Mitos
e lendas a caminho do sertão
A partir desta e nas
próximas edições até o final do ano, vamos publicar entrevistas com os
responsáveis pelas entidades culturais que se destacaram na temporada. Os
artistas solos também merecerão nossa atenção. Para começar a série convidamos
o principal responsável pelo grupo O Imaginário Chicão Santos, que discorreu
sobre as atividades desenvolvidas durante o ano de 2013 em especial sobre a
circulação da caravana “Mitos e Lendas - A Caminho do Sertão” vencedora do
Prêmio Petrobras cuja principal atração, é o espetáculo “Varadouro”. Chicão
fala das dificuldades enfrentadas para a realização do Festival de Teatro
Amazônia Encena na Rua. “Em 2014 o Sesc assume a integralidade da realização do
Festival Amazônia Encena na Rua”. Porém chamamos a atenção do leitor para a
parte sobre a pesquisa realizada pela equipe do O Imaginário que contou com
pessoas residentes no Rio de Janeiro e em Rondônia. Com a Caravana Mitos e
Lendas a Caminho do Sertão O Imaginário levou o nome de Rondônia ao nordeste
onde passou dois meses (outubro e novembro) apresentando a peça Varadouro.
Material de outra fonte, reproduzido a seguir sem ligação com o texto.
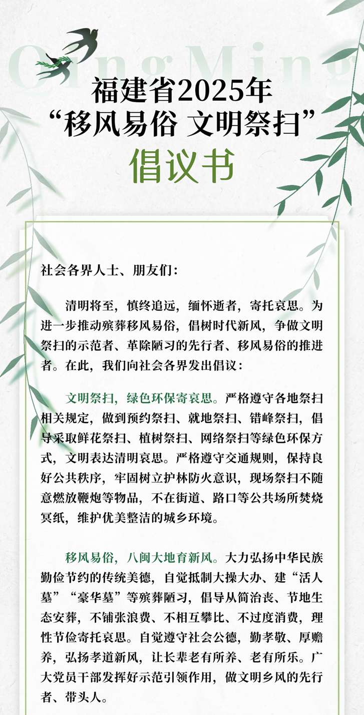 清明將至,慎終追遠(yuǎn),緬懷逝者,寄托哀思。為進(jìn)一步推動殯葬移風(fēng)易俗,倡樹時代新風(fēng),爭做文明祭掃的示范者、革除陋習(xí)的先行者、移風(fēng)易俗的推進(jìn)者。[詳細(xì)]
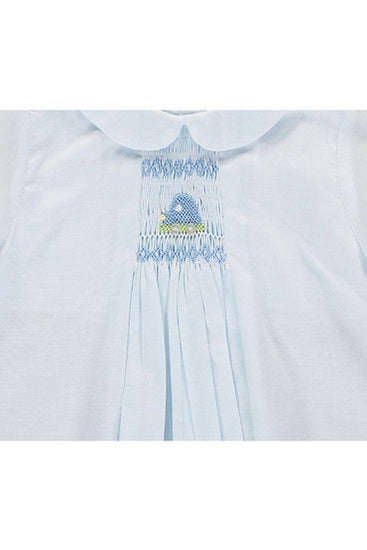 Our talented artisans have meticulously crafted this timeless piece using hand smocking techniques, which not only adds a touch of sophistication but also ensures a perfect fit. The soft, breathable fabric ensures your baby stays cozy and comfortable throughout the day.
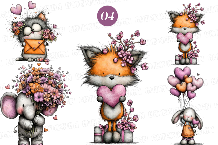 Whimsical Valentine Animals Clipart - Valentine Animals PNG example image 1
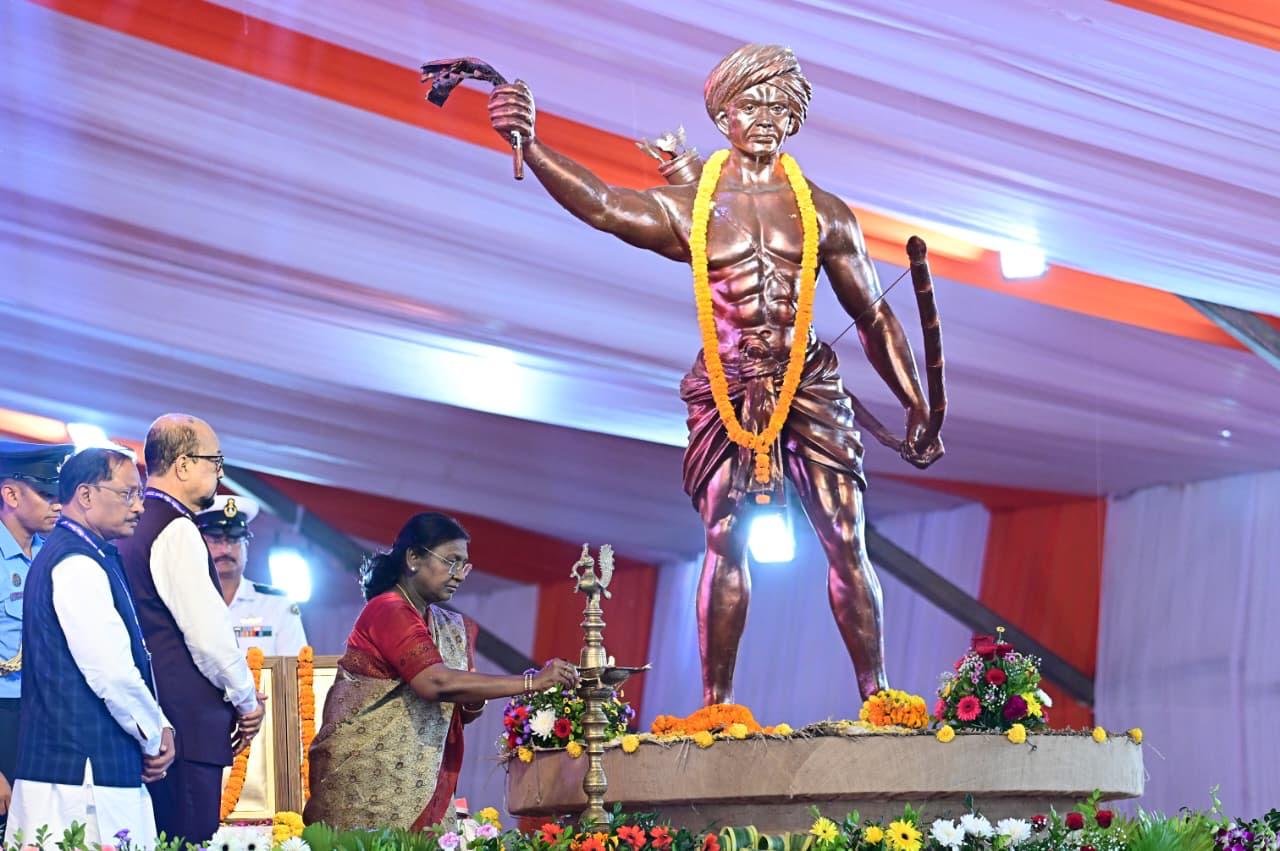 राष्ट्रपति श्रीमती द्रौपदी मुर्मु ने छत्तीसगढ़ में जनजातीय गौरव पखवाड़ा मनाने, जनजातीय स्वतंत्रता सेनानी संग्रहालय बनाने और शासकीय योजना के बेहतर क्रियान्वयन के लिए छत्तीसगढ़ सरकार और मुख्यमंत्री विष्णुदेव साय की मंच से तारीफ की। उन्होंने कहा कि भारत लोकतंत्र की जननी है, और इसकी झलक बस्तर की ‘मुरिया दरबार’ जैसी जनजातीय परंपराओं में भी दिखाई देती है। उन्होंने कहा कि छत्तीसगढ़, झारखंड और ओडिशा की जनजातीय विरासत अत्यंत समृद्ध और आपस में जुड़ी हुई है। राष्ट्रपति ने बताया कि उनके कार्यकाल के दौरान राष्ट्रपति भवन में ‘जनजातीय दर्पण’ संग्रहालय की स्थापना की गई है, तथा वहां आदिवासी कला और संस्कृति को विशेष स्थान दिया गया है। उन्होंने केंद्र सरकार द्वारा संचालित ‘आदि कर्मयोगी अभियान’, ‘धरती आबा जनजातीय ग्राम उत्कर्ष अभियान’ तथा ‘प्रधानमंत्री जनमन अभियान’ को जनजातीय समाज के उत्थान हेतु महत्वपूर्ण कदम बताया। उन्होंने कहा कि ये सभी योजनाएँ देश के करोड़ों आदिवासी परिवारों को शिक्षा, आजीविका, स्वास्थ्य और विकास के नए अवसर प्रदान कर रही हैं। राष्ट्रपति ने बताया कि दिल्ली में आयोजित ‘आदि कर्मयोगी’ राष्ट्रीय सम्मेलन में छत्तीसगढ़ के आदिवासी विकास विभाग को उत्कृष्ट कार्य के लिए राष्ट्रीय पुरस्कार प्राप्त हुआ है। उन्होंने इस उपलब्धि के लिए मुख्यमंत्री  विष्णु देव साय तथा उनकी पूरी टीम को बधाई दी।
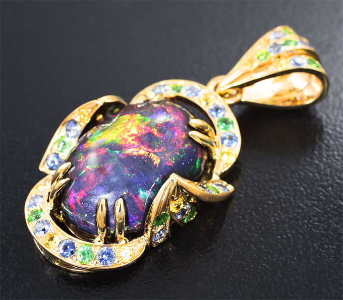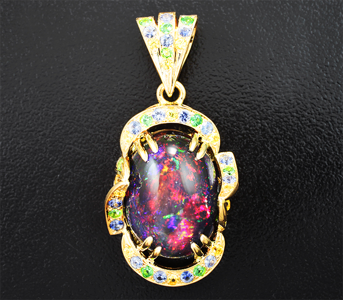 Комплект с кристаллическими черными опалами 22,22 карата, сапфирами и цаворитами
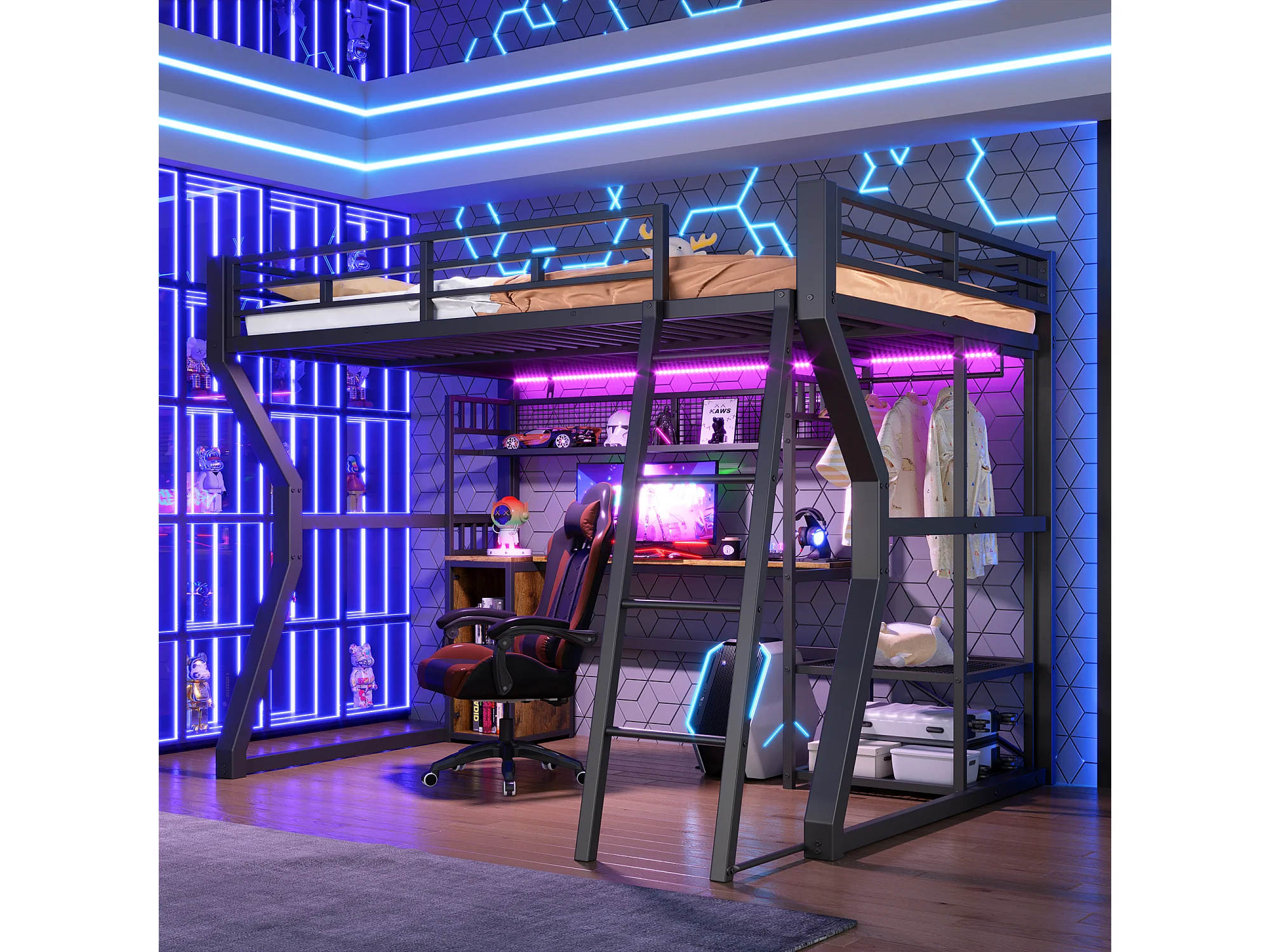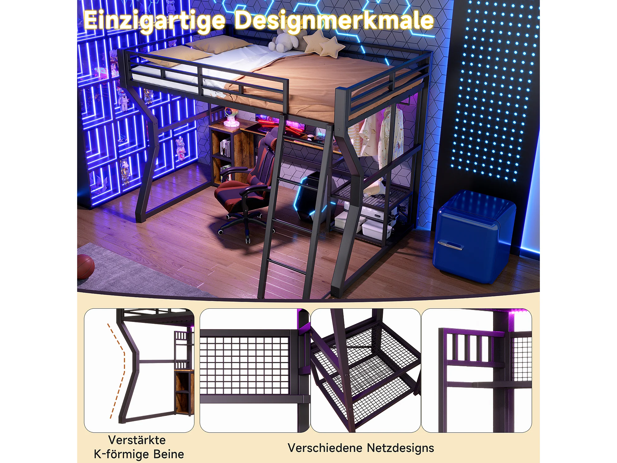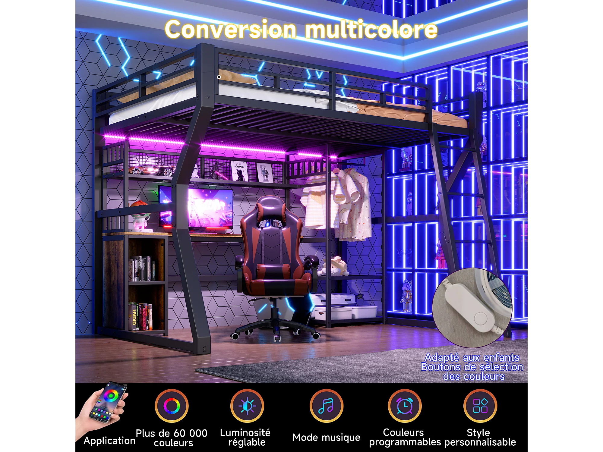 Lit mezzanine 140 x 200 cm - Structure en fer - Éclairage LED - Prise électrique + espace penderie - Bureau - noir (matelas non inclus)
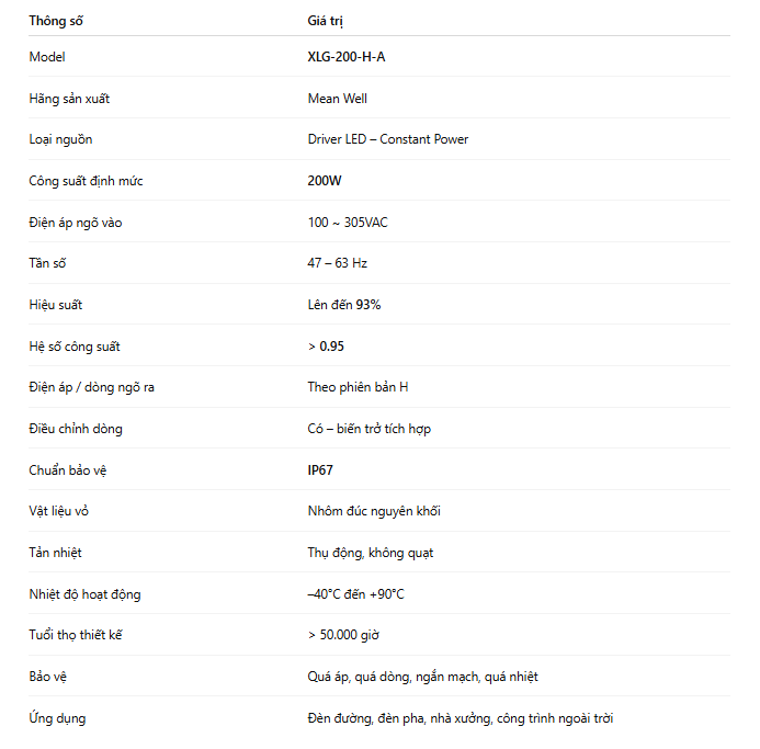 Với sự kết hợp hài hòa giữa hiệu suất, độ bền và độ an toàn, XLG-200-H-A là lựa chọn lý tưởng cho mọi dự án chiếu sáng yêu cầu chất lượng cao, tính ổn định lâu dài và hiệu quả đầu tư bền vững.

Vamos às histórias do grupo
de teatro considerado pela coluna do Zekatraca como destaque de 2013, segmento
do teatro.
ENTREVISTA
‘
Zk – Que tal aproveitar para
fazer um balanço das ações do O Imaginário em 2013?
Chicão Santos – Na
verdade o ano de 2013 foi muito importante pra gente, porque começas fazendo uma
Caravana que foi a primeira, saiu pelas Trilhas de Rondon e chegamos até a
Chapada dos Guimarães, visitamos 17 cidades. Acontece que em 2007 a gente tinha
assumido compromisso com as prefeituras de que se elas recuperassem os Postos
Telegráficos retornaríamos para ver o que foi feito.
Zk – As prefeituras
cumpriram o acordado?
Chicão Santos – Para nossa
satisfação, todo Posto Telegráficos foram recuperados, uns funcionando com
alguma atividade, outros fechados, mas, recuperado. Aí fizemos um trabalho
durante todo o ano e agora fechando o ano com essa nova Caravana patrocinada
pela Petrobras chamada “Mitos e Lendas a Caminho do Sertão”.
Zk – A caminho de qual
sertão?
Chicão Santos – Fomos para
São Luiz no Maranhão e João Pessoa na Paraíba. Já realizamos várias caravanas,
mas, essa teve um diferencial que foi justamente, trabalhar formação de plateia.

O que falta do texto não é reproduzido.